We have a Nagios/pnp4nagios installation several years old. It has been periodically updated to recent versions. Suddenly the nagios service stopped for no apparent resaon with no obvious errors in any of the logs I've gone through. When restarted it starts checking hosts and fails at the same point after one specific host check and before the next. The only outward sign is noticing the last check times are old. When attempting to manually schedule a host check from the interface the it does nothing when the commit button is pressed, where normally it would confirm the check was scheduled and have a "done" link. This is presumably because the service is stopped and the interface gets no response. I have gone through the configuration files to no avail, specifically checking the host configurations of the last to be done before the service stops and the one next scheduled.
The installation is on a vmware virtual server and when restored to earlier snapshots nagios runs fine for a couple of weeks and the problem happens again. Hardware resources to seem taxed at all and there is plenty of space on the file systems.
I have found similar descriptions of this problem where NDO was the culprit, but we are using pnp4nagios/rrdtool so that does not apply. I upgraded to Nagios 3.4.4 and pnp4nagios 0.6.19 and the service fails at exactly the same point.

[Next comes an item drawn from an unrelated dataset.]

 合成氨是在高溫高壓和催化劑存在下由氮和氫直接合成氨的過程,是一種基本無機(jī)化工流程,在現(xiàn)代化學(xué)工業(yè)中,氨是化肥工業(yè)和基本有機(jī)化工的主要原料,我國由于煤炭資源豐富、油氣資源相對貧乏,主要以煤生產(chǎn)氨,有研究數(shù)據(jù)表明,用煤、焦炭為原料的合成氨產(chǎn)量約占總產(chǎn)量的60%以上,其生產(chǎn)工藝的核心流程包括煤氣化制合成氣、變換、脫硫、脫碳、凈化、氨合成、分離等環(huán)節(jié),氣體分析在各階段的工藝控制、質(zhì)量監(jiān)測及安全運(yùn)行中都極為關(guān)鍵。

Any help would be greatly appreciated - especially assistence with deeper/more comprehensive troubleshooting tips. This is my first post so please gently point me in the right direction if this is the wrong forum.
Thanks!!!
Nagios Service Stops Unexpectedly
-
slansing
- Posts: 7698
- Joined: Mon Apr 23, 2012 4:28 pm
- Location: Travelling through time and space...

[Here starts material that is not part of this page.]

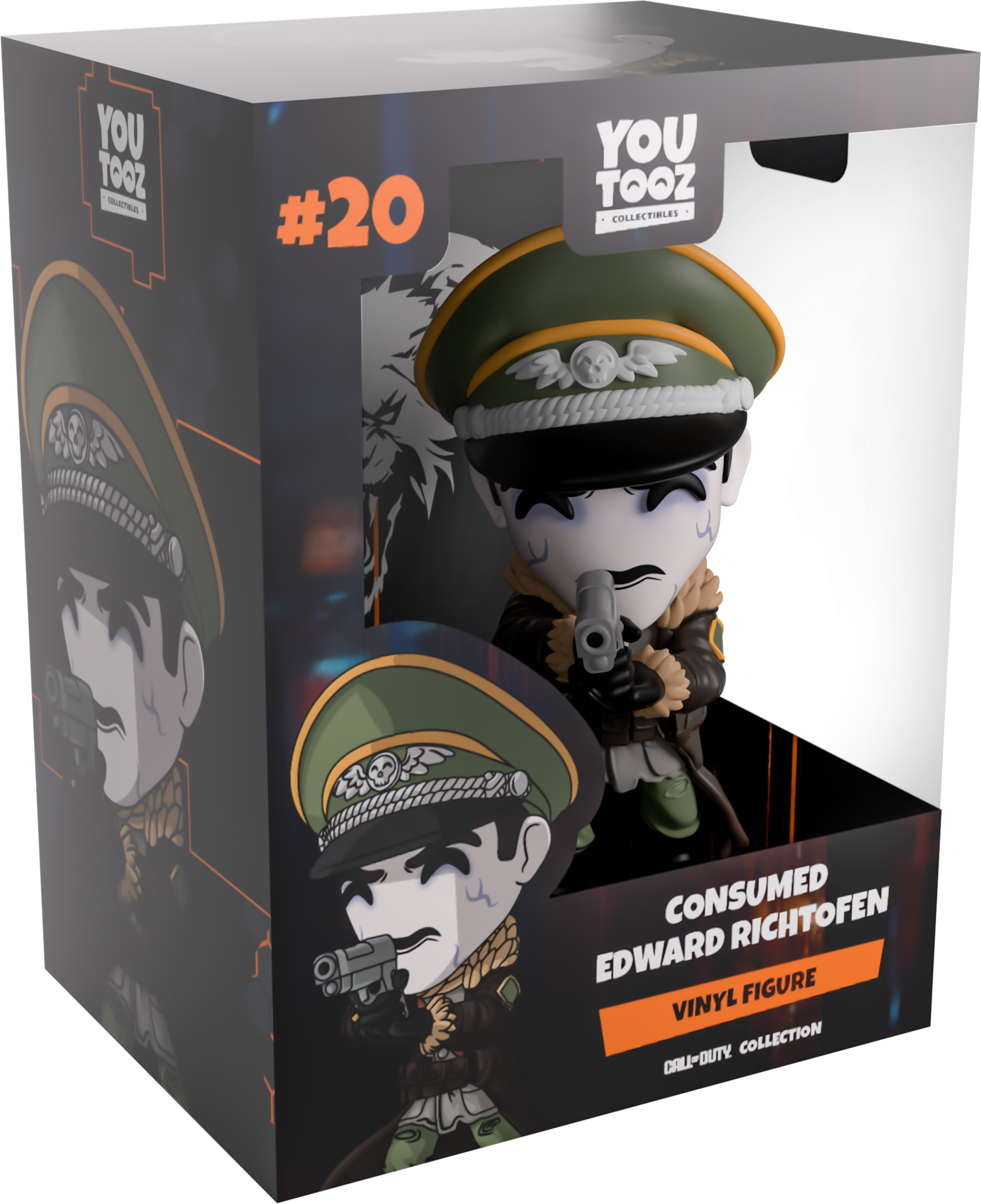 Edward Richtofen has returned to Youtooz! But he’s looking a little different… Is he ok?! Standing at 4.2 inches tall and staring down the barrel of the grey pistol held to his front in gloved hands, concentration fills his pale vein-covered face as dark eyebrows furrow to match the thick moustache over his frowning mouth. Wearing a green officers cap with a grey cord over its black brim, his long black trench coat is tattered at the end as brown fur lines the neck and cuffs, and green pants tuck into his black boots. The exterior of his packaging is covered in a grey hexagonal pattern with bright orange highlights, while the interior is filled with a warping dark camouflage. The hexagons then continue onto the protective sleeve that has grainy vertical blue and orange stripes, as his figure can be seen through the large, clear window at the packaging’s front. This collectible ships in a matte, embossed, protective outer sleeve and a custom-sized plastic protector for maximum protection during shipping.

Re: Nagios Service Stops Unexpectedly
This is extremely odd, lets start with basics, have you verified the configuration files?
What else is running on the system besides Nagios? Are you using it for web hosting or any such thing?
Code: Select all
/usr/local/nagios/bin/nagios -v /usr/local/nagios/etc/nagios.cfgRe: Nagios Service Stops Unexpectedly
Actually just solved my own problem. For future reference and possible help to others, here is what was going on...
Root cause: The service-perfdata file grew too big and caused the Nagios service to crash.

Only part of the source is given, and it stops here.